[Records excerpted from a collection]

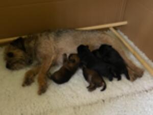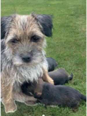 Dan and I are both from farming families. Neither of us can remember a time without at least one dog in the house. Lots of labradors, we decided to buy a Border for our son Edward's seventh birthday. Seventeen years on no one in the family can imagine life without a couple of Border Terriers. Squidge (Ruby Blue) is for me probably that one dog you find in a lifetime. We had one litter from her and kept Pebble. We are now breeding from Pebble for one reason only, to continue this fantastic line of loyal, friendly terriers and our son will be keeping the bitch.
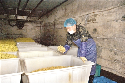 既有市场优势,又有水源优势,高有根说干就干。建厂房、选设备、挑豆子、找技工……为了把豆芽产业发展起来,高有根着实下了一番功夫。“隔行如隔山。本以为家家户户都会发的豆芽没啥难度,真正做起来才发现规模生产豆芽并非易事。”高有根说,“就拿选材来说,起初我们觉得是黄豆就行。为了带动附近村子的发展,我们就从周边农户手里收购黄豆。可是这些黄豆的出芽率不高,发出来的豆芽也很短。经过多次尝试,我们才选定个头匀称、颜色正、出芽率高的东北优质大豆。”
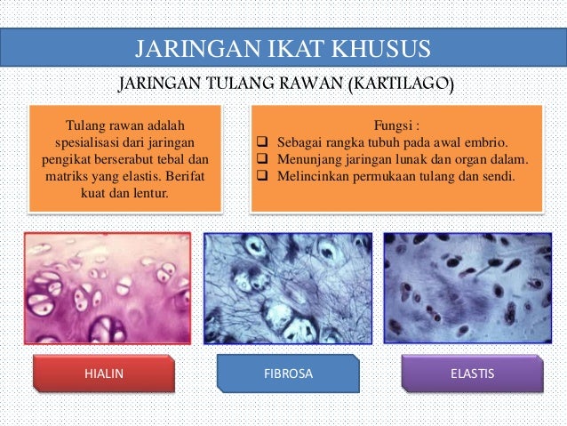 Jaringan ikat penyokong adalah jaringan ikat yang berperan dalam membentuk dan menyokong tubuh Jaringan ini terdiri dari tulang rawan dan tulang keras Jaringan tulang rawan Tersusun oleh sel kondrosit Terdapat 3 macam jaringan rawan yaitu hialin elastin dan fibrosa Jaringan tulang keras Tersusun oleh sel osteosit Dan terdiri dari
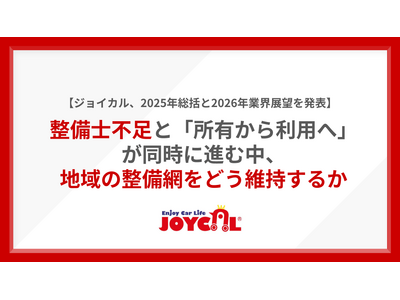 株式会社ジョイカルジャパン(本社:東京都千代田区/代表取締役社長 CEO 早川 由紀夫、以下:ジョイカル)は、2025年の自動車整備業界の動向を整理するとともに、2026年に向けた業界展望を発表いたしました。
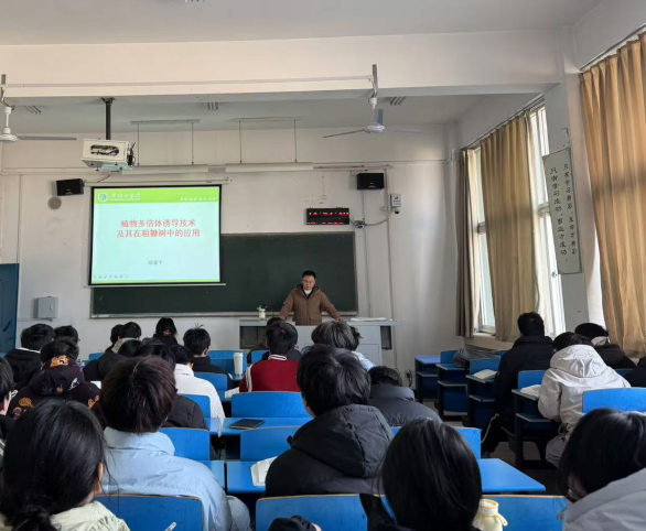 2024年12月18日下午,tyc234cc 太阳成集团耿喜宁博士在4号教学楼4105教室举办了学术讲座,报告题目为《植物多倍体诱导技术及其在粗糠树中的应用》,太阳成官网2023级环境生态工程专业的学生聆听了本次报告。
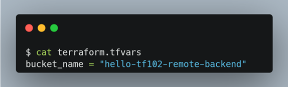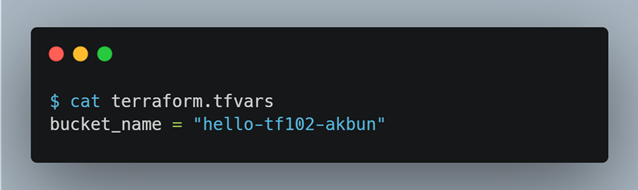 버킷 이름은 변수로 입력받습니다. 저는 tfvars파일로 변수 값을 초기화 했습니다. 예제를 실행할 때 꼭 버킷 이름을 변경해주세요.
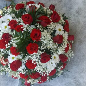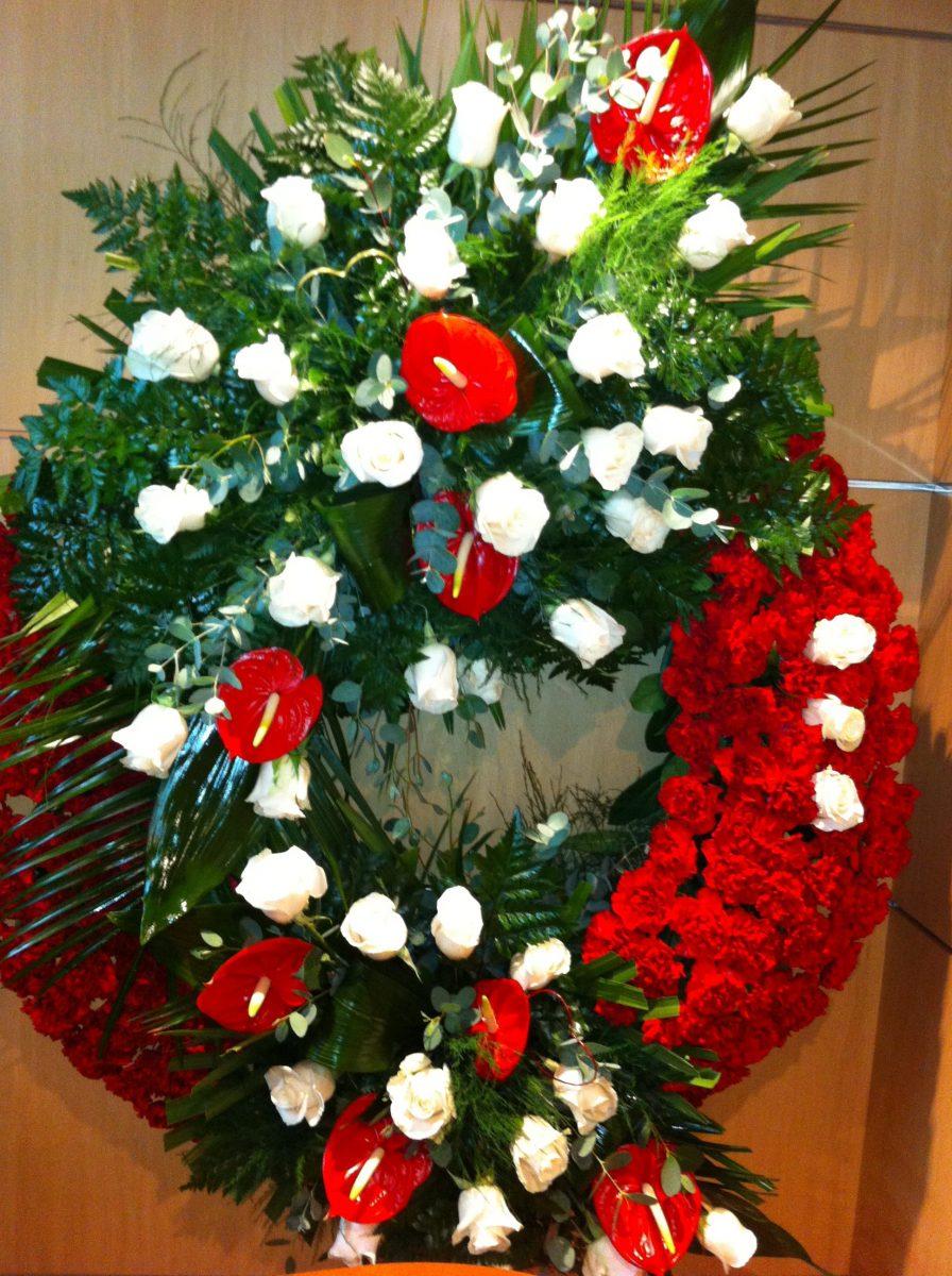 Aro de 80cms. de 5 filas de claveles rojos y 2 cabezales de rosas blancas y anturio rojo (otros colores, según disponibilidad).
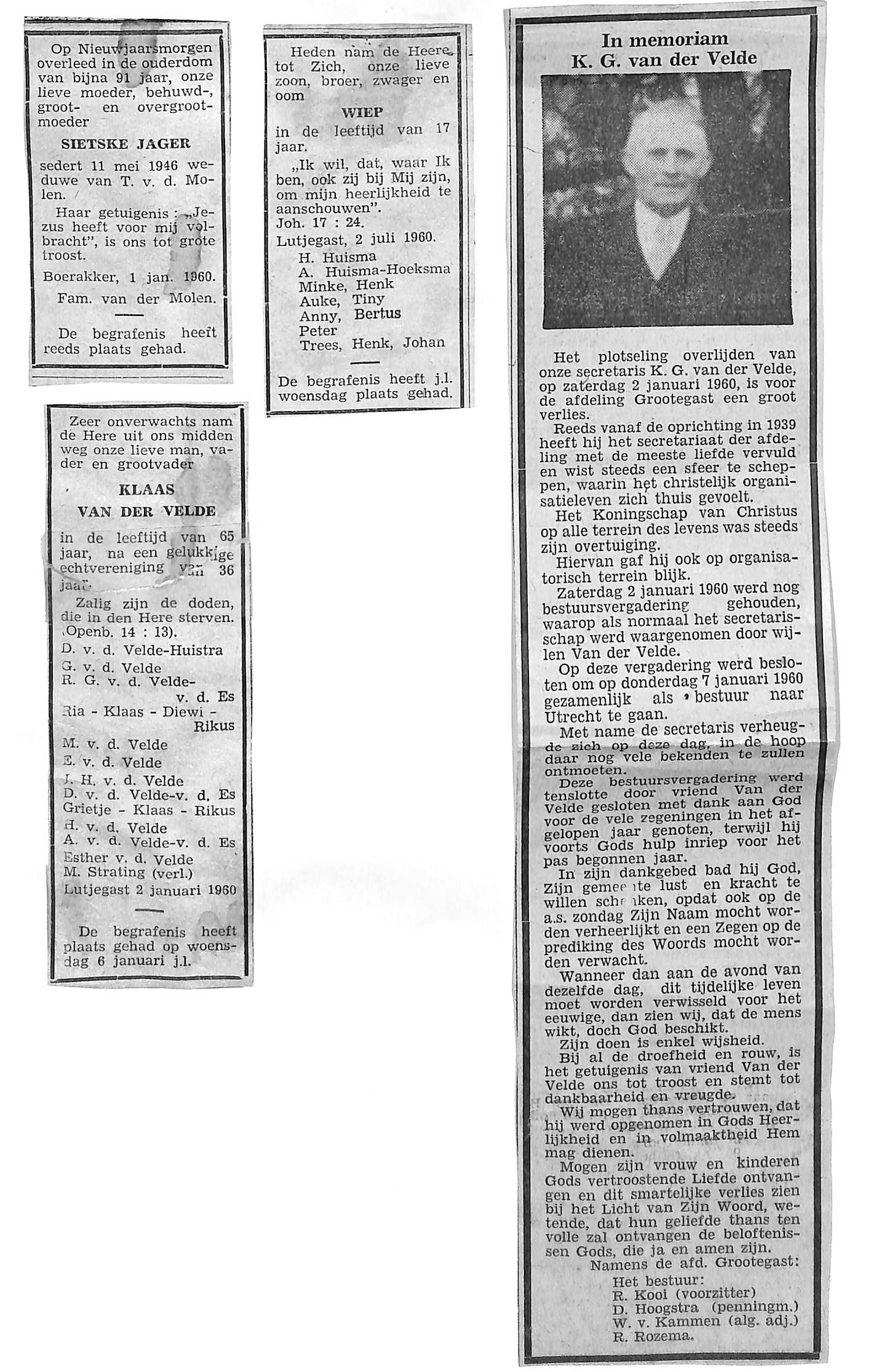 Overleden, K. G. van der Velde, R. Kooi, D. Hoogstra, W, v. Kammen, R. Rozema, v.d. Es, Strating
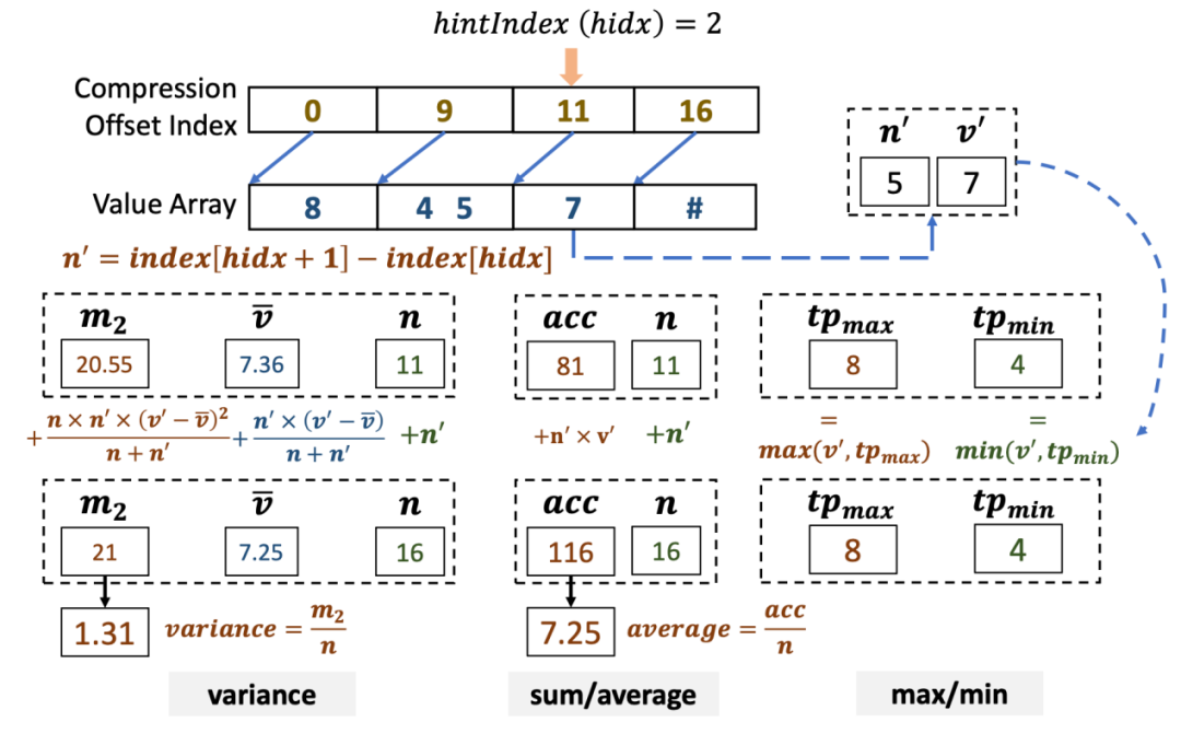 ·聚合算子 (Aggregation):聚合计算采用增量更新的方式。算子在内部维护一个状态累加器(如 count, sum, sum_of_squares 用于计算方差)。当处理 RLE 编码的数据时,对于每个行程(value, length),状态的更新可以通过数学公式一次性完成,而不是循环 length 次。

» EXERCISE INSTRUCTIONS: Keep out the pictures, and copy exactly the lines from the one that contains "既有市场优势,又有水源优势,高有根说干就" through the final line of the records above, both ends included.

» ANSWER SECTION:
 既有市场优势,又有水源优势,高有根说干就干。建厂房、选设备、挑豆子、找技工……为了把豆芽产业发展起来,高有根着实下了一番功夫。“隔行如隔山。本以为家家户户都会发的豆芽没啥难度,真正做起来才发现规模生产豆芽并非易事。”高有根说,“就拿选材来说,起初我们觉得是黄豆就行。为了带动附近村子的发展,我们就从周边农户手里收购黄豆。可是这些黄豆的出芽率不高,发出来的豆芽也很短。经过多次尝试,我们才选定个头匀称、颜色正、出芽率高的东北优质大豆。”
 Jaringan ikat penyokong adalah jaringan ikat yang berperan dalam membentuk dan menyokong tubuh Jaringan ini terdiri dari tulang rawan dan tulang keras Jaringan tulang rawan Tersusun oleh sel kondrosit Terdapat 3 macam jaringan rawan yaitu hialin elastin dan fibrosa Jaringan tulang keras Tersusun oleh sel osteosit Dan terdiri dari
 株式会社ジョイカルジャパン(本社:東京都千代田区/代表取締役社長 CEO 早川 由紀夫、以下:ジョイカル)は、2025年の自動車整備業界の動向を整理するとともに、2026年に向けた業界展望を発表いたしました。
 2024年12月18日下午,tyc234cc 太阳成集团耿喜宁博士在4号教学楼4105教室举办了学术讲座,报告题目为《植物多倍体诱导技术及其在粗糠树中的应用》,太阳成官网2023级环境生态工程专业的学生聆听了本次报告。
 버킷 이름은 변수로 입력받습니다. 저는 tfvars파일로 변수 값을 초기화 했습니다. 예제를 실행할 때 꼭 버킷 이름을 변경해주세요.
 Aro de 80cms. de 5 filas de claveles rojos y 2 cabezales de rosas blancas y anturio rojo (otros colores, según disponibilidad).
 Overleden, K. G. van der Velde, R. Kooi, D. Hoogstra, W, v. Kammen, R. Rozema, v.d. Es, Strating
 ·聚合算子 (Aggregation):聚合计算采用增量更新的方式。算子在内部维护一个状态累加器(如 count, sum, sum_of_squares 用于计算方差)。当处理 RLE 编码的数据时,对于每个行程(value, length),状态的更新可以通过数学公式一次性完成,而不是循环 length 次。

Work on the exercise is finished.